> **Information given**
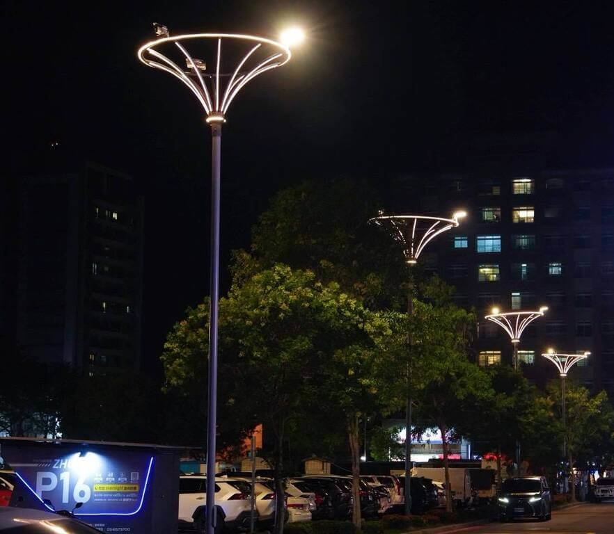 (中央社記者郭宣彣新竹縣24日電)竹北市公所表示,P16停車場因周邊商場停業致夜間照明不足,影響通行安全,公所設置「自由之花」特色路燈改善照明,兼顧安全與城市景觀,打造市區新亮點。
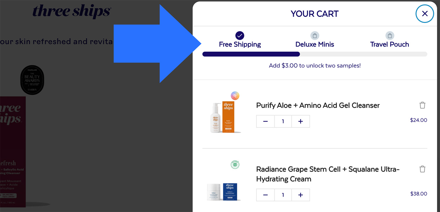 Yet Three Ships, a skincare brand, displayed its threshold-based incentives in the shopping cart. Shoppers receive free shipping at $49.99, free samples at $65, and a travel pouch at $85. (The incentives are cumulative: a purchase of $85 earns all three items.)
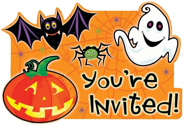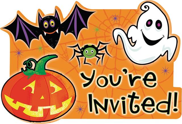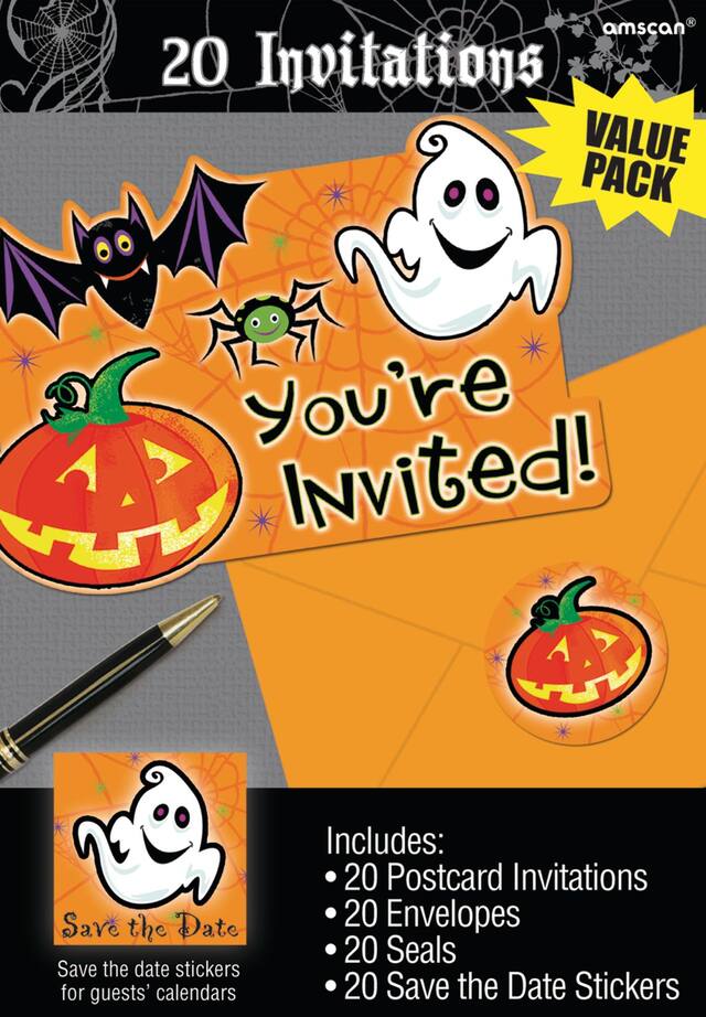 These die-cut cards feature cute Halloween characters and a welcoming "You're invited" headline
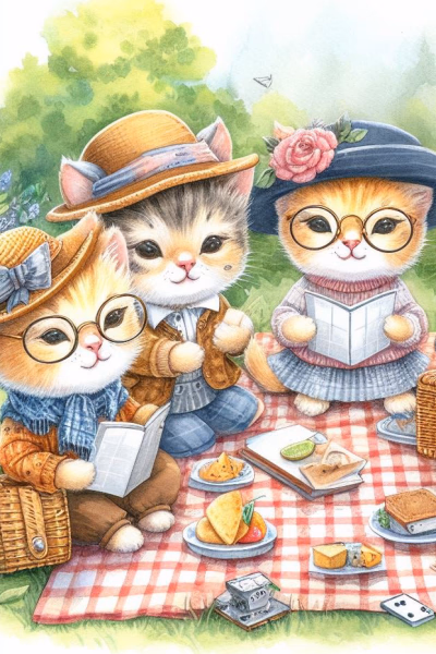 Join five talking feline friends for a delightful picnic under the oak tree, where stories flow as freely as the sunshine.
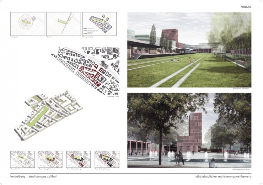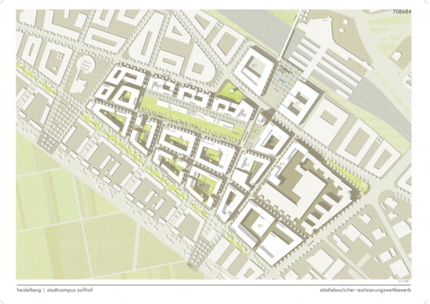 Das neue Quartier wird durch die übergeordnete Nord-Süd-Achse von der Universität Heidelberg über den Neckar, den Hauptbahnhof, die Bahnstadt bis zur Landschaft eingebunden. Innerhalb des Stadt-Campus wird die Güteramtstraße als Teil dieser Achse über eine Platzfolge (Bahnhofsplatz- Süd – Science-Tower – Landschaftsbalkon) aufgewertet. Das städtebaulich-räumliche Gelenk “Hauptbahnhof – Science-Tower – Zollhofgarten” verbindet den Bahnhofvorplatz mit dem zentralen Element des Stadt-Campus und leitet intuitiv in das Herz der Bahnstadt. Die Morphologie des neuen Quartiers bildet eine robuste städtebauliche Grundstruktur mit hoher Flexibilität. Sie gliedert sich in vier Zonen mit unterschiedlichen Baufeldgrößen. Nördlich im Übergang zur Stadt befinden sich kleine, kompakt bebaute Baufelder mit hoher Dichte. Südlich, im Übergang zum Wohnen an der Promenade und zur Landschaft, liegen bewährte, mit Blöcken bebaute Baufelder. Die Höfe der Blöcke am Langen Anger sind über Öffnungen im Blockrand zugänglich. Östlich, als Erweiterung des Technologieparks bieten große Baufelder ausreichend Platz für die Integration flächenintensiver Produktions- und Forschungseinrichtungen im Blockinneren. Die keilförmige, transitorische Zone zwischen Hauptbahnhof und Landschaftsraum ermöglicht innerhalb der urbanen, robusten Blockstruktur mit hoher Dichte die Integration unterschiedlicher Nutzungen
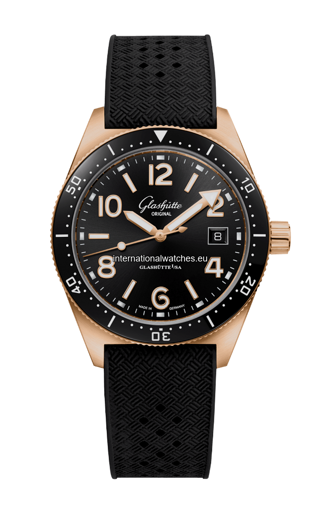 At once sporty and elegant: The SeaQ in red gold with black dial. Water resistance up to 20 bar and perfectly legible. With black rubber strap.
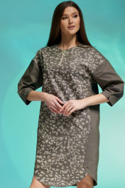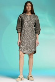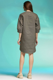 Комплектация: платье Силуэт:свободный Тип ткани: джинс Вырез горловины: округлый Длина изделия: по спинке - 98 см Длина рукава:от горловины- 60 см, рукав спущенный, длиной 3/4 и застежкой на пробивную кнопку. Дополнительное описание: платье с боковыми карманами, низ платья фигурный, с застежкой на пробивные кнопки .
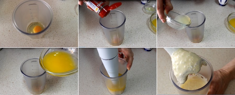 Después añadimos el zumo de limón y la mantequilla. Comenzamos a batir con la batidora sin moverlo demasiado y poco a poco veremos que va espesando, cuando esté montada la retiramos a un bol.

> **Work order**
All of the records need to be restated word for word, but not the pictures.

> **Task result**
 (中央社記者郭宣彣新竹縣24日電)竹北市公所表示,P16停車場因周邊商場停業致夜間照明不足,影響通行安全,公所設置「自由之花」特色路燈改善照明,兼顧安全與城市景觀,打造市區新亮點。
 Yet Three Ships, a skincare brand, displayed its threshold-based incentives in the shopping cart. Shoppers receive free shipping at $49.99, free samples at $65, and a travel pouch at $85. (The incentives are cumulative: a purchase of $85 earns all three items.)
 These die-cut cards feature cute Halloween characters and a welcoming "You're invited" headline
 Join five talking feline friends for a delightful picnic under the oak tree, where stories flow as freely as the sunshine.
 Das neue Quartier wird durch die übergeordnete Nord-Süd-Achse von der Universität Heidelberg über den Neckar, den Hauptbahnhof, die Bahnstadt bis zur Landschaft eingebunden. Innerhalb des Stadt-Campus wird die Güteramtstraße als Teil dieser Achse über eine Platzfolge (Bahnhofsplatz- Süd – Science-Tower – Landschaftsbalkon) aufgewertet. Das städtebaulich-räumliche Gelenk “Hauptbahnhof – Science-Tower – Zollhofgarten” verbindet den Bahnhofvorplatz mit dem zentralen Element des Stadt-Campus und leitet intuitiv in das Herz der Bahnstadt. Die Morphologie des neuen Quartiers bildet eine robuste städtebauliche Grundstruktur mit hoher Flexibilität. Sie gliedert sich in vier Zonen mit unterschiedlichen Baufeldgrößen. Nördlich im Übergang zur Stadt befinden sich kleine, kompakt bebaute Baufelder mit hoher Dichte. Südlich, im Übergang zum Wohnen an der Promenade und zur Landschaft, liegen bewährte, mit Blöcken bebaute Baufelder. Die Höfe der Blöcke am Langen Anger sind über Öffnungen im Blockrand zugänglich. Östlich, als Erweiterung des Technologieparks bieten große Baufelder ausreichend Platz für die Integration flächenintensiver Produktions- und Forschungseinrichtungen im Blockinneren. Die keilförmige, transitorische Zone zwischen Hauptbahnhof und Landschaftsraum ermöglicht innerhalb der urbanen, robusten Blockstruktur mit hoher Dichte die Integration unterschiedlicher Nutzungen
 At once sporty and elegant: The SeaQ in red gold with black dial. Water resistance up to 20 bar and perfectly legible. With black rubber strap.
 Комплектация: платье Силуэт:свободный Тип ткани: джинс Вырез горловины: округлый Длина изделия: по спинке - 98 см Длина рукава:от горловины- 60 см, рукав спущенный, длиной 3/4 и застежкой на пробивную кнопку. Дополнительное описание: платье с боковыми карманами, низ платья фигурный, с застежкой на пробивные кнопки .
 Después añadimos el zumo de limón y la mantequilla. Comenzamos a batir con la batidora sin moverlo demasiado y poco a poco veremos que va espesando, cuando esté montada la retiramos a un bol.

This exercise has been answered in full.